This project aims to develop a probabilistic model for disambiguating abstract syntax trees in natural language through unsupervised parameter estimation methods using linguistic data for multiple languages. Applications include parsing abstract syntax trees in Grammatical Framework and using the disambiguated trees to extract word sense information and doing macine translations. Emphasis is put on developing a model that is as language independent as possible. The main approach involves using Expectation Maximization to estimate parameters using data from UD-treebanks and automatically parsed UD-trees from various text corpora.

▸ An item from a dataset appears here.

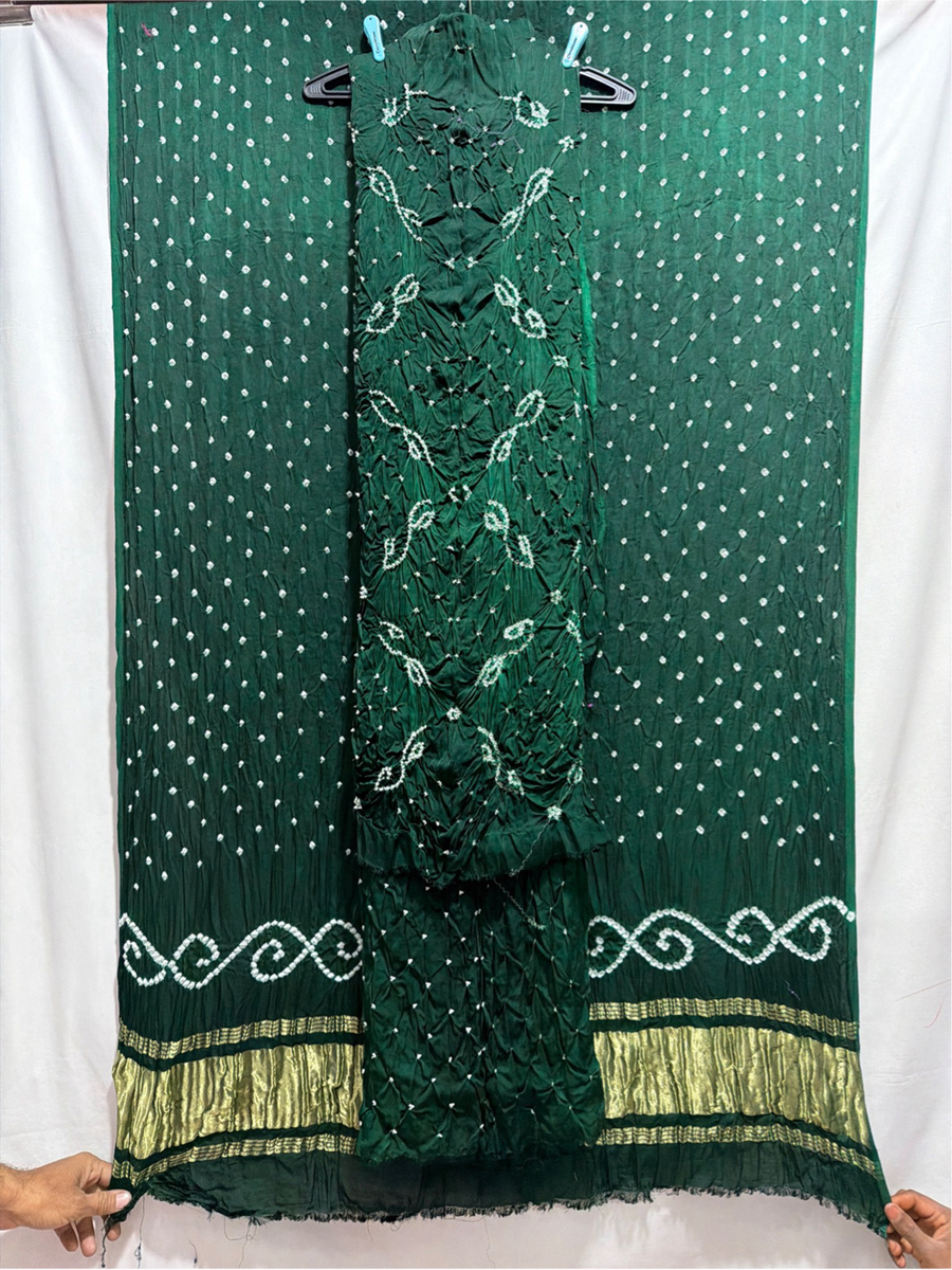 Kala Sanskruti All Over Green Color Art Silk Bandhani Dress 2.5 M Each Piece Elegant Traditional Wear Art Silk Dress for Women

- src - main script files for estimating probabilities
- evaluation - scripts for evaluation of estimated probabilities
- data/feature_counts/{name}/{lang} - raw syntactic n-gram data from (parsed) corpora
- data/possibility_dictionaries/{gf/wn}/{lang} - dictionaries describing possible latent representations for each vocabulary item, currently featuring gf based dictionaries and wordnet based dictionaries
To run the estimations you first need to preprocess data for the estimation by running src/make_all_em_data.sh, estimation can then be done by running src/run_em.sh. Depending on the type of probabilities you are intrested in you might want to add autoparsed data in the data/feature_counts/autoparsed directory and you might want to make a combined wordnet/GF possibility dictionary by running data/possibility_dictionaries/combine_gf_wn.sh.